Clinical diagnosis and investigation

There are various clinical tests that can be done by physiotherapists to confirm the diagnosis of plantar fasciitis. Imaging usually isn’t necessary, but in terms of investigation options, ultrasound is currently the gold standard for plantar fasciitis (Brukner & Khan 2012). X-ray is not particularly helpful for confirming the diagnosis but it could be used to differentiate a calcaneal stress fracture, if that was suspected (Brukner & Khan 2012). MRI is not commonly used and it was found that there could be increased signal intensity in the plantar fascia and calcaneal spurs even in asymptomatic individuals (Ehrmann et al, 2014).

 

Treatment and Management

Basically management can be divided in to short term and long term.

  • Short-term management

For short term pain relieve management (the first four months), there are several things can be done including; avoiding aggravating activities, ice, manual therapy, stretches for the plantar fascia, soleus and gastrocnemius muscles, therapeuetic ultrasound, cortisone injection, anti-pronation or low-dye taping, a heel pad or heel cup, and prefabricated or custom made foot orthoses (Brukner & Khan 2012 & Martin et al 2014). There is some evidence suggesting potential benefit for trigger point dry needling (Martin et al 2014). Often a combination of these strategies is used together, but stretching is a main stay in conjunction with all other options. It was suggested the dosage should be either 2-3 times per day and varies between a sustained 3 minutes or intermittent 20 seconds stretch for optimal effect (Martin et al 2014).
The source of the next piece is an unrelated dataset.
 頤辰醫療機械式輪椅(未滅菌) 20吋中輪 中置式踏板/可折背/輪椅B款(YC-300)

A good combination of ice and massage is rolling your foot on a frozen water bottle.

  • Long term management options

If symptoms persist over 6 months, a night splint (e.g. Strassburg sock) can be considered an option and it was recommended to wear it for 1 to 3 months (Martin et al 2014). This typically will ease the early morning symptoms. 
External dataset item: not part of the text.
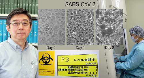 新型コロナウイルスに立ち向かうべく、医学・歯学・薬学・保健学の医療系の研究室が一丸となって(名称:広島大学CoVピースプロジェクト)、PCR検査体制の確立、ウイルス治療薬の探索、ウイルス検査方法の簡便化などの多方面のプロジェクトを進めています。ウイルス学研究室は、その中心としてP3高度封じ込め実験施設での新型コロナウイルス培養実験を行っております。始まってまだ間もないですが、すでに学内の薬剤シーズの中からウイルス増殖を抑制する薬剤を見つけ、その標的である細胞側の蛋白質を同定しています。今後は早く成果を出してウイルス制御に貢献していきたいと考えています。

Strengthening exercises will also be a crucial part of the rehabilitation. It was found that strengthening the intrinsic muscle of the foot (e.g. toes flexors) can improve the arch support and stress distribution on the plantar fascia. The proximal hip muscles, specifically hip abductors and external rotators, were found to have a strength deficit after lower limb overuse injuries such as plantar fasciitis, and it is critical to strengthen these impaired muscles to improve lower limb biomechanics (Brukner & Khan 2012 & Kuligh et al 2011).       
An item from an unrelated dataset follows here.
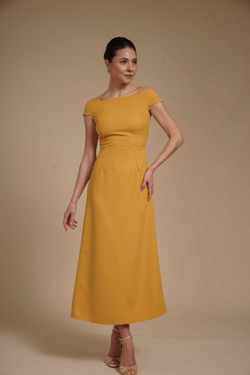 Designul cu decolteu bardot pune în valoare linia umerilor, iar bustul construit pe cusături discrete conturează silueta cu eleganță. Croiala A-line echilibrează proporțiile și alungește vizual, transformând rochia într-o alegere versatilă pentru apariții sofisticate.

 Hopefully the above information gives you a better understanding of what plantar fasciitis is and for those who are participating the Sydney Running Festival this weekend, good luck and have fun!

 

If you would like to get an accurate diagnosis and treatment, contact a physiotherapist here at Thornleigh Performance Physiotherapy. We have an expertise in musculoskeletal physiotherapy and we are near Beecroft, Cherrybrook, Hornsby, Normanhurst, Pennant Hills, Wahroonga, Westleigh, West Pennant Hills, West Pymble amongst others.

 

References

  1. Brukner, P. & Khan, K (2012) Clinical Sports Medicine. Australia: McGraw-Hill Australia.
  2. Ehrmann, C., Maier, M., Mengiardi, B., Pfirrmann, C. W., & Sutter, R. (2014). Calcaneal attachment of the plantar fascia: MR findings in asymptomatic volunteers. Radiology, 272(3), 807-814.
  3. Kulig, K., Popovich Jr, J. M., Noceti-Dewit, L. M., Reischl, S. F., & Kim, D. (2011). Women with posterior tibial tendon dysfunction have diminished ankle and hip muscle performance. journal of orthopaedic & sports physical therapy,41(9), 687-694.
  4. Martin, R. L., Davenport, T. E., Reischl, S. F., McPoil, T. G., Matheson, J. W., Wukich, D. K., ... & Godges, J. J. (2014). Heel Pain—Plantar Fasciitis: Revision 2014. Journal of Orthopaedic & Sports Physical Therapy, 44(11), A1-A33.